Мои страхи начали уходить в пятнадцать. Я почувствовал себя мужчиной, и чувство это не было связано с женщинами. Я знал — мужчиной становишься, поняв пропасть несходства, но чувство осталось бы, даже если исчезли б все женщины на свете. Не в том было дело.

 

Стоял удивительный сентябрь, дед, которому я все лето включал кислородный аппарат, умер в мое отсутствие — я в это время сидел в ненавистной городской школе. Мы с отцом приехали в горы. Первое, что я увидел, — невероятную осень. Потом увидел конец детства, потом — нежность, какую? — не знаю до сих пор. Потом — еще много всего, что сделало из меня человека, который начал терять страх. А плакал я навзрыд.

 

4

 

Страх уходил постепенно. Иногда большими порциями, иногда — почти гомеопатическими.

5

 

Страх убавлялся, когда приходило понимание. А приходило оно либо от самых жестоких вещей — боли, холода, унижения, страха, смертей, — либо от самых невинных историй. Например, тех, что случаются в жизни растений или бабочек.

 

6

 

Я любил и люблю все, что связано с моим родом, — документы, письма, записки, одежду и утварь, легенды, легендарные фразы, фотографии. Одно время я настолько во все это погрузился, что казалось — мою память сформировало начало столетия. Однажды к деду пришли приятели. Они хлопнули по стопке и перестали ориентироваться во времени. Старики хотели, чтобы я помог им вспомнить итальянский фронт. И топография Альп всплыла в моей памяти так, будто я смотрел на них из окопа.

 

7

 

Но по-настоящему род дал о себе знать, когда я сам был почти что на войне. Неприятельский офицер настойчиво предлагал мне прекрасную карьеру в обмен на сотрудничество. Так оно бы и вышло, уж я-то себя знаю. Мне пришлось сказать ему, сколько вытерпели все мои от его армии, его организации, наверное, даже от одного только их вида и запаха. Возможно, офицер заметил в моей тени с десяток различных очертаний. Больше он никогда ничего мне не предлагал. А я почувствовал, что уже не останусь один. И вдруг понял, что культура — это знание о тех людях, что записаны в твой генетический код, движения которых ты время от времени воспроизводишь.

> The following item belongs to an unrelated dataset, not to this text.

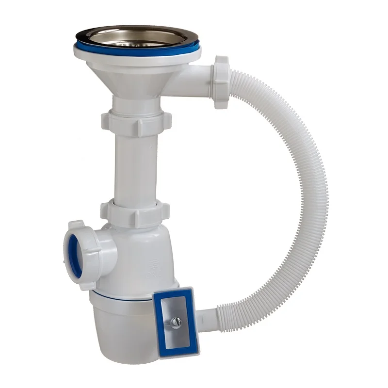 Сифон с большим корпусом и отстойником, выпуском с нержавеющей чашкой д.114мм для мойки с прямоугольным переливом. В комплекте идут две прокладки на перелив – прямоугольная на квадратную форму мойки и полукруглая на круглую форму мойки. Необходим отвод в канализацию.

И что призрачная эта культура не даст пропасть, так же как и инстинкт.

 

8

 

Примерно тогда мне и приснился впервые сон о городке Яблонкове.

 

9

 

Когда умер дед, то бояться перестал не один я. Отец тоже избавился от страха — причину которого я и понимаю, и не могу понять до сих пор — и рассказал правду. Оказалось, что дед не был мне родным, — он не был отцом моего отца. Я полюбил его еще сильнее. Он был реальностью. А родной дед казался всего лишь преданием. Понадобилось время, чтобы привить к себе это предание, отыскать внутри скрытые до поры фрагменты генетического кода, в которых родной дед был записан до мельчайших черт.

 

10

 

И тогда мне впервые приснился Яблонков.

 

Я сидел за столиком кафе на его центральной площади. Над столиком — зонт. Я пил кофе. Посреди площади — типичная ратуша с циферблатом. Да и сама площадь похожа на площади всех европейских городов: квадрат рынка огражден трехэтажными каменными домами шириной в три окна, с каждого угла берут начало две улицы. Крыши из красной черепицы. На площади несколько кафе, баров, мастерских, пивных, магазинов. Над каждой дверью — яркая вывеска. Возле одного из кафе — деревянная бочка с красным вином, вокруг кучка мужчин в шляпах. У ратуши — деревья: липа, черешня, магнолия.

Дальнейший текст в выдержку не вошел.